Donovan nodded slowly. “In an email, this morning. Thought it was spam, so I deleted it. But that was the subject line, and that’s not a link title I’d forget.”

“John, open it,” Sherlock ordered, and John did so. Donovan stared in horror at the video for a full minute. Sherlock leaned over her shoulder, hissing into her ear. “I bet everyone on Lestrade’s team, everyone who’s ever worked for him, received this link today. We just happened to be the first ones to open it. Check with Anderson, or Smith, or Molly Hooper. Someone out there is _punishing_ Lestrade, and they want us all to watch as it happens. Now, why would that be?”

“When did you last see him?” John asked before Donovan could respond to Sherlock.

“Today’s his day off,” she said, though her eyes remained fixed on the screen. “He was still here last night when I left; God only knows when he went home.”

“What time was that?”

“Eight,” Donovan said. “That was the last I saw of him.”

“And no word from him this morning?” Sherlock continued briskly.

“No, but that’s not unusual. Sometimes he’ll check in, or get called in. But today’s been quiet.” Her eyes strayed to the laptop again. “ _Was_ quiet.”

“He’s got less than four hours,” John broke in irritably. They didn’t have time for this. “Was he planning on doing anything today? Did he mention anything to you?”

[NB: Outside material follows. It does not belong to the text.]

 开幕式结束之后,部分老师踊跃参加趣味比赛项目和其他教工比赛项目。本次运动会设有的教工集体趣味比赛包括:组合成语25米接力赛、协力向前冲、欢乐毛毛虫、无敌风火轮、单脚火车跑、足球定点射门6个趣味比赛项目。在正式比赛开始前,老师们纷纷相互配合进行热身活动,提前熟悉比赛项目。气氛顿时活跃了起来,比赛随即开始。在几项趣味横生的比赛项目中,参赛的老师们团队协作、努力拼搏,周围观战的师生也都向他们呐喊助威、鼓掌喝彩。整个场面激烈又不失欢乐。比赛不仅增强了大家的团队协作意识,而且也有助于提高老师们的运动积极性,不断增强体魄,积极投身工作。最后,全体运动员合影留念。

Donovan shook her head. “No. The Inspector’s a private man; doesn’t talk much about his home life.” She drew herself up to her full height, suddenly business-like. “Right, then. I’ll get a team out to his place, see if we can figure out where he might have been taken from.”

“Bring me his case files.”

Donovan’s eyes flashed. “This isn’t the time for games, Holmes, and I won’t have you hanging around, playing with your little deductions because you’re bored. Go home.”

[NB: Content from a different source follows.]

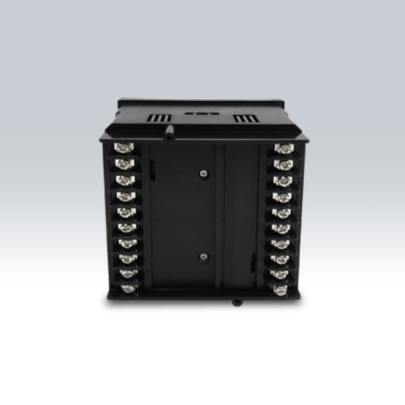 Desain panel 96 × 96 mm dengan kedalaman 75 mm yang cocok untuk standar cut-out panel kontrol.

“He goes home, and Lestrade dies,” John said bluntly. “You _know_ that.” He turned to Sherlock. “You think this is the work of someone Lestrade put away. Someone who’s maybe out now?”

“It is personal. This would have taken time, effort, careful planning. And whoever it is wants Lestrade’s team to watch him die.” Sherlock leaned toward Donovan, eyes blazing. “Who else would go through all of that effort, if not someone who felt wronged by Lestrade?”

Donovan regarded him heavily for some moments.

“I’ll have someone bring you the files,” she decided abruptly. “If it’ll keep you out of our hair, that’s good enough for me.”

Sherlock’s jaw clenched, but he visibly swallowed his retort and nodded tightly. “And I’ll need access to his email.”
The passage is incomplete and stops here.